Votre travail a-t-il déjà été censuré ? Dans ce cas, comment avez-vous réagi ?
La seule censure que j’ai vécue jusqu’à présent était volontaire. Avant de sortir du placard, j’ai vraiment lutté pour trouver ma voix authentique en tant qu’artiste, et c’est seulement après avoir atteint cet espace d’acceptation de soi que j’ai pu être libre et honnête avec mon travail. Les lieux où j’ai été chanceux d’exposer ou de publier mon travail ont tous été très réceptifs et d’un grand soutien pour ma vision, ce qui fait que la censure dans ce sens n’a jamais été un problème.
Quels sont les projets qui vous tiennent à cœur en ce moment ?
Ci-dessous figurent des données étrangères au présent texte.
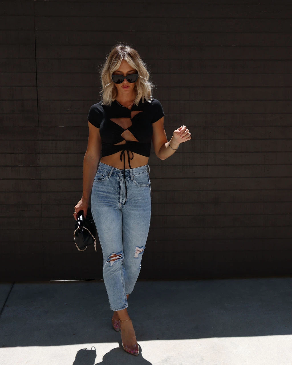 Model is Wearing a Size Small. Height is 5’8″, Bust is 35”, Waist 26”, and Hips 36”

Je suis en train de terminer une peinture grand format intitulée The Dollypop Guild pour le Dollypop Show à la galerie World of Wonder de Hollywood. Cette pièce est basée sur la scène du Magicien d’Oz quand Dorothy rencontre Glinda, bien que dans mon interprétation, Dorothy est remplacée par un jeune homme portant des talons aiguilles démesurés et regardant Dolly Parton descendant du ciel dans une grosse bulle rose. Quand j’étais enfant, j’idolâtrais la chanteuse country Dolly Parton pour sa capacité à équilibrer une personnalité flamboyante, une image plus grande que nature, et une sincère ambition artistique. Maintenant, en tant qu’adulte, je me retrouve en train de jongler avec les mêmes choses dans ma vie et mon travail. The Dollypop Guild est une bonne représentation de cette idée. Elle est couverte d’étincelles et de paillettes, et pourtant elle raconte la vraie histoire poignante d’un garçon qui a choisi un chemin différent (dans ce cas, celui qui est couvert de briques jaunes et qui conduit à Dollywood !). J’attends vraiment avec impatience l’ouverture de cette exposition et les futures opportunités avec la galerie World of Wonder.
Pouvez-vous dire quelques mots sur le lieu où vous vivez/travaillez ?
Je vis dans le Short North Arts District de Columbus (Ohio) avec mon homme et nos deux bébés lévriers whippets. Columbus a une communauté artistique en plein essor qui a été d’un grand soutien pour mon travail et pour moi-même. Je suis tout particulièrement reconnaissant envers la Ohio Art League qui a sponsorisé ma première exposition solo, ainsi que la Stonewall Union pour leur spectacle annuel « Exposition de la Fierté » auquel j’ai participé chaque année depuis mon coming out.